▶ **Problem description**: In the records below, find the line containing "為馬選擇伙伴看似簡單,實則需" and the line containing "桂花狂想曲是目前AL13最新"; please repeat exactly the lines from one to the other, both included, and nothing more.

▶ **Records provided**:
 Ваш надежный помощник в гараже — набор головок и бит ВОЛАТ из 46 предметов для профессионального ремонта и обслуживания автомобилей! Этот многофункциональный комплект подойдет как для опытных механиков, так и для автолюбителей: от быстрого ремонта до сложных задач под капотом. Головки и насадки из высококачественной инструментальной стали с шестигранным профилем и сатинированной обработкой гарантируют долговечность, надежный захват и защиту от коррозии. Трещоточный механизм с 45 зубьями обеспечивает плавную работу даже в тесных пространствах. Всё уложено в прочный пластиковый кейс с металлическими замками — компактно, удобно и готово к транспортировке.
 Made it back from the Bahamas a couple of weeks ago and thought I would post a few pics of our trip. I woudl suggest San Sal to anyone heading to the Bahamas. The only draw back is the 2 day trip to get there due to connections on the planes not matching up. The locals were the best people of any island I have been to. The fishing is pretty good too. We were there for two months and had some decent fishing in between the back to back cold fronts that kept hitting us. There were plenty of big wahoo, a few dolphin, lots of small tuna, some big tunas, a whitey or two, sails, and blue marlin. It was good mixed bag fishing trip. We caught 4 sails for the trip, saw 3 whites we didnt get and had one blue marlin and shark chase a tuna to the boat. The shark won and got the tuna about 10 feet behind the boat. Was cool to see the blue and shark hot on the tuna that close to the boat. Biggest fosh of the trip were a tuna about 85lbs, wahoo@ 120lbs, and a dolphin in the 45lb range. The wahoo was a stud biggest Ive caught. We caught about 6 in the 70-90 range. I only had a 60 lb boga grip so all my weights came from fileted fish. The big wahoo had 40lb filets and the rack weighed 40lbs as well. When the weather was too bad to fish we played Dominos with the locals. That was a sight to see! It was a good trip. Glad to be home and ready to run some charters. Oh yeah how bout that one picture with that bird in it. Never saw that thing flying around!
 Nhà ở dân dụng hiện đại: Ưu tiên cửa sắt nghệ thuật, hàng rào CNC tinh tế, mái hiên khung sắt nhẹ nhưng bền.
---
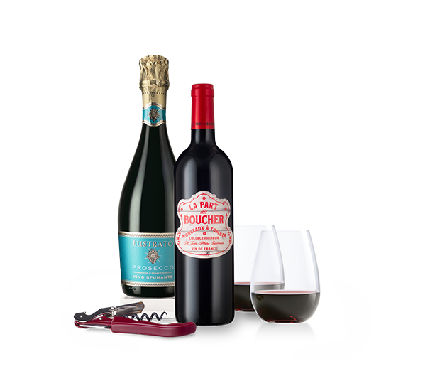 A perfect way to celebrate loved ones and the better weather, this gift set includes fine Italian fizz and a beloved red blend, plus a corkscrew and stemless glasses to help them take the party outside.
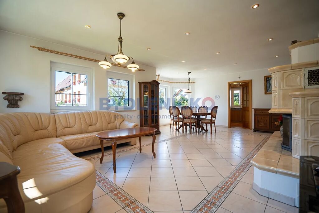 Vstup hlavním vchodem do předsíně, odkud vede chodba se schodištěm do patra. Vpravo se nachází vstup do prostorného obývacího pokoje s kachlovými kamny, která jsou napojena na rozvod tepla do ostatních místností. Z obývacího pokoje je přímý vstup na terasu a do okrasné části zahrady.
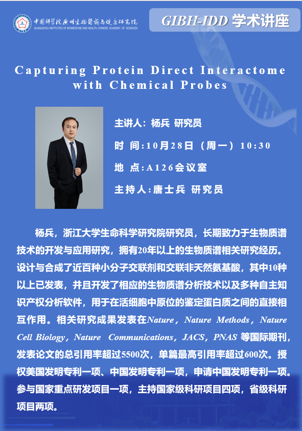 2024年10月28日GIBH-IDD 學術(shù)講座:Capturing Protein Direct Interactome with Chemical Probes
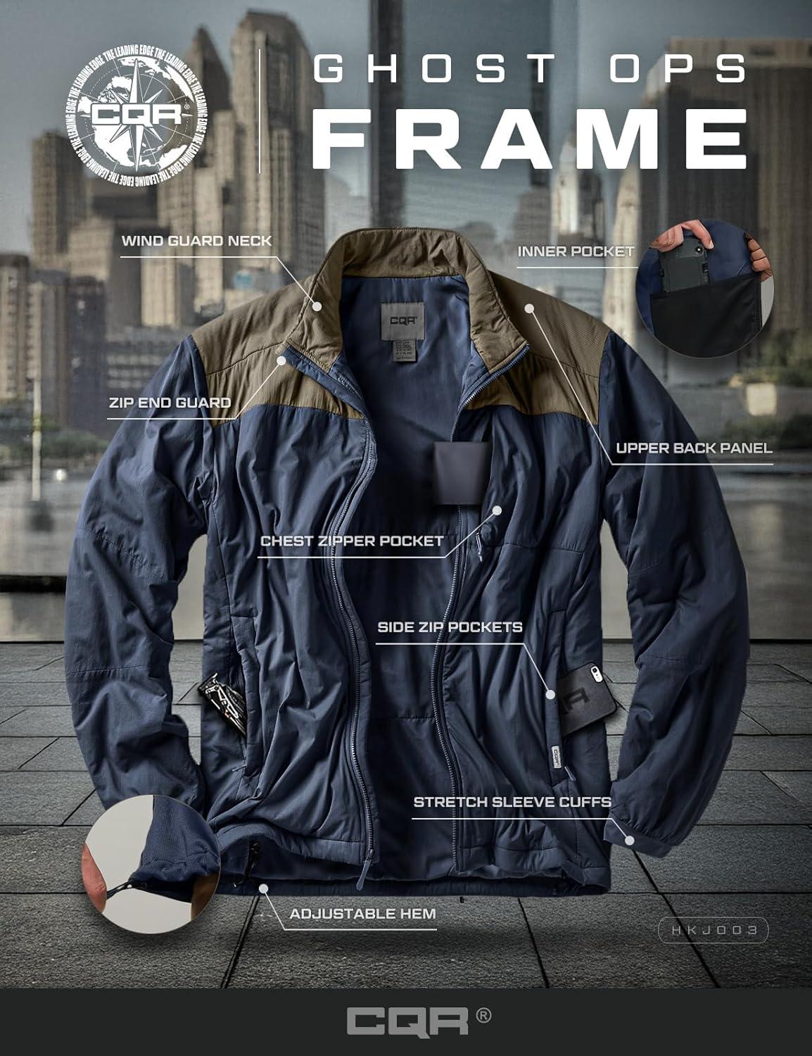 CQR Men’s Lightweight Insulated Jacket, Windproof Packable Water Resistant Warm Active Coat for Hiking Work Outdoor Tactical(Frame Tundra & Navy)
==
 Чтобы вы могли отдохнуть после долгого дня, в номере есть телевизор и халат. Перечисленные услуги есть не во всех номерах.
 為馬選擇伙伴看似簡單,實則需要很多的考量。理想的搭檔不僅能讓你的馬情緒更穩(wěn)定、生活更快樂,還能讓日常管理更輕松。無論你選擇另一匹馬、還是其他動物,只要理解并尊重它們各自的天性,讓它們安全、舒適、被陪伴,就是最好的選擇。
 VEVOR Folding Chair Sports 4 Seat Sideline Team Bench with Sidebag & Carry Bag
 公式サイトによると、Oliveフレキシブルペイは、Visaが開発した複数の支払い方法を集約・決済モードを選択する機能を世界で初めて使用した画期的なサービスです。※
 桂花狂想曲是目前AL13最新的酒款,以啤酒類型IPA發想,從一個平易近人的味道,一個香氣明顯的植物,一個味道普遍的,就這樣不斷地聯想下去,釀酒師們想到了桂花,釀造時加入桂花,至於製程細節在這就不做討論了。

▶ **Written solution**:
 為馬選擇伙伴看似簡單,實則需要很多的考量。理想的搭檔不僅能讓你的馬情緒更穩(wěn)定、生活更快樂,還能讓日常管理更輕松。無論你選擇另一匹馬、還是其他動物,只要理解并尊重它們各自的天性,讓它們安全、舒適、被陪伴,就是最好的選擇。
 VEVOR Folding Chair Sports 4 Seat Sideline Team Bench with Sidebag & Carry Bag
 公式サイトによると、Oliveフレキシブルペイは、Visaが開発した複数の支払い方法を集約・決済モードを選択する機能を世界で初めて使用した画期的なサービスです。※
 桂花狂想曲是目前AL13最新的酒款,以啤酒類型IPA發想,從一個平易近人的味道,一個香氣明顯的植物,一個味道普遍的,就這樣不斷地聯想下去,釀酒師們想到了桂花,釀造時加入桂花,至於製程細節在這就不做討論了。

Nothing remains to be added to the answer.